The expression in the image is:

$(3 + \sqrt{3}i)^5$

This is a complex number raised to the 5th power. To solve it, we can either:

1. Expand it using the binomial theorem, which can be time-consuming due to the powers involved.
2. Convert the complex number to polar form, use De Moivre’s Theorem, and then convert it back to rectangular form after raising it to the power.

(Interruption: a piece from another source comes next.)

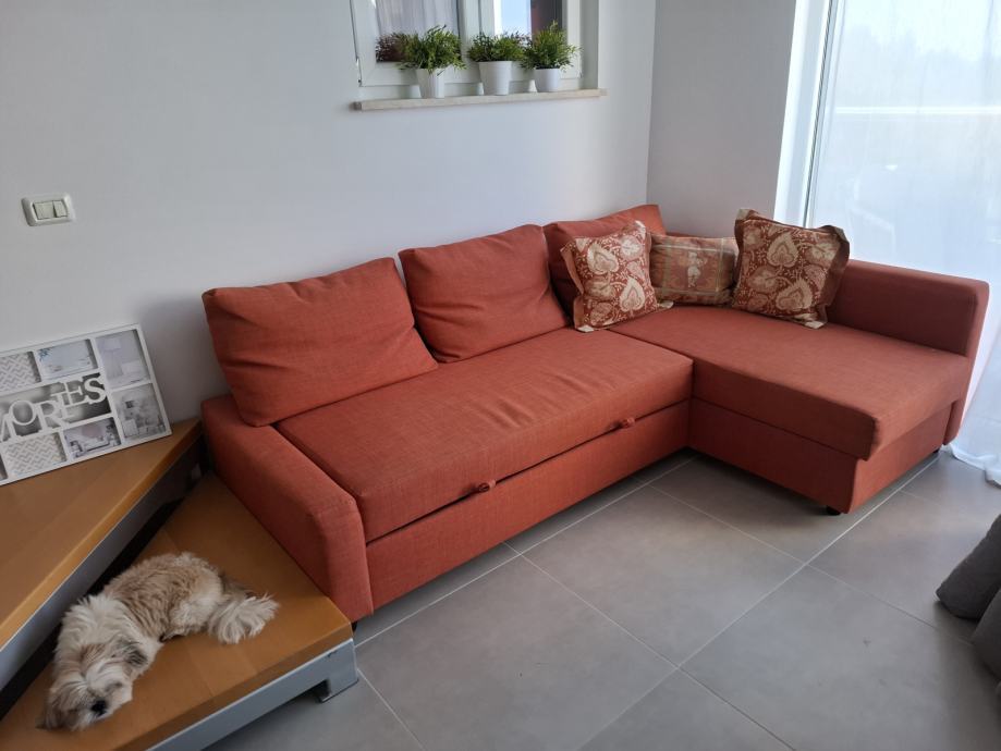PRODAJEM PRAKTIČNO NOVU KUTNU GARNITURU IKEA FRIHETEM SA 3 DEKORATIVNA DODATNA JASTUKA.

The second approach is more efficient. Here are the steps to solve it:

Step 1: Convert to Polar Form

First, write $3 + \sqrt{3}i$ in polar form. The polar form of a complex number $z = a + bi$ is given by: $z = r(\cos \theta + i \sin \theta)$ where:

• $r = |z| = \sqrt{a^2 + b^2}$ is the modulus
• $\theta = \arg(z) = \tan^{-1} \left(\frac{b}{a}\right)$ is the argument.

For $3 + \sqrt{3}i$:

• $a = 3$
• $b = \sqrt{3}$

The modulus $r$ is: $r = \sqrt{3^2 + (\sqrt{3})^2} = \sqrt{9 + 3} = \sqrt{12} = 2\sqrt{3}$

The argument $\theta$ is: $\theta = \tan^{-1} \left(\frac{\sqrt{3}}{3}\right) = \tan^{-1} \left(\frac{1}{\sqrt{3}}\right) = 30^\circ = \frac{\pi}{6} \text{ radians}$

Thus, the polar form of $3 + \sqrt{3}i$ is: $3 + \sqrt{3}i = 2\sqrt{3} \left( \cos \frac{\pi}{6} + i \sin \frac{\pi}{6} \right)$

Step 2: Apply De Moivre's Theorem

De Moivre’s Theorem states that for any complex number in polar form: $z^n = r^n \left( \cos (n\theta) + i \sin (n\theta) \right)$

In this case, $n = 5$, $r = 2\sqrt{3}$, and $\theta = \frac{\pi}{6}$.

First, calculate $r^5$: $r^5 = (2\sqrt{3})^5 = 32 \sqrt{3}$

Now, calculate $5\theta$: $5\theta = 5 \times \frac{\pi}{6} = \frac{5\pi}{6}$

Thus, the result in polar form is: $(3 + \sqrt{3}i)^5 = 32\sqrt{3} \left( \cos \frac{5\pi}{6} + i \sin \frac{5\pi}{6} \right)$

Step 3: Convert Back to Rectangular Form

Now, convert the polar form back to rectangular form. The values of the trigonometric functions for $\frac{5\pi}{6}$ are:

• $\cos \frac{5\pi}{6} = -\frac{\sqrt{3}}{2}$
• $\sin \frac{5\pi}{6} = \frac{1}{2}$

So: $(3 + \sqrt{3}i)^5 = 32\sqrt{3} \left( -\frac{\sqrt{3}}{2} + i \times \frac{1}{2} \right)$

Simplify: $(3 + \sqrt{3}i)^5 = 32\sqrt{3} \times \left( -\frac{\sqrt{3}}{2} + \frac{i}{2} \right)$ $= 32\sqrt{3} \times -\frac{\sqrt{3}}{2} + 32\sqrt{3} \times \frac{i}{2}$ $= -48 + 16i$

Final Answer:

$(3 + \sqrt{3}i)^5 = -48 + 16i$

Would you like further clarification or details on any step?

Here are 5 related questions:

1. How do you compute the modulus and argument of any complex number?
2. What is De Moivre's Theorem and how is it applied in solving powers of complex numbers?
3. How does the binomial theorem apply to complex numbers?
4. What are the advantages of using polar form for complex number operations?
5. How are trigonometric values derived from radians?

Tip: When dealing with complex numbers in high powers, converting to polar form often simplifies calculations dramatically.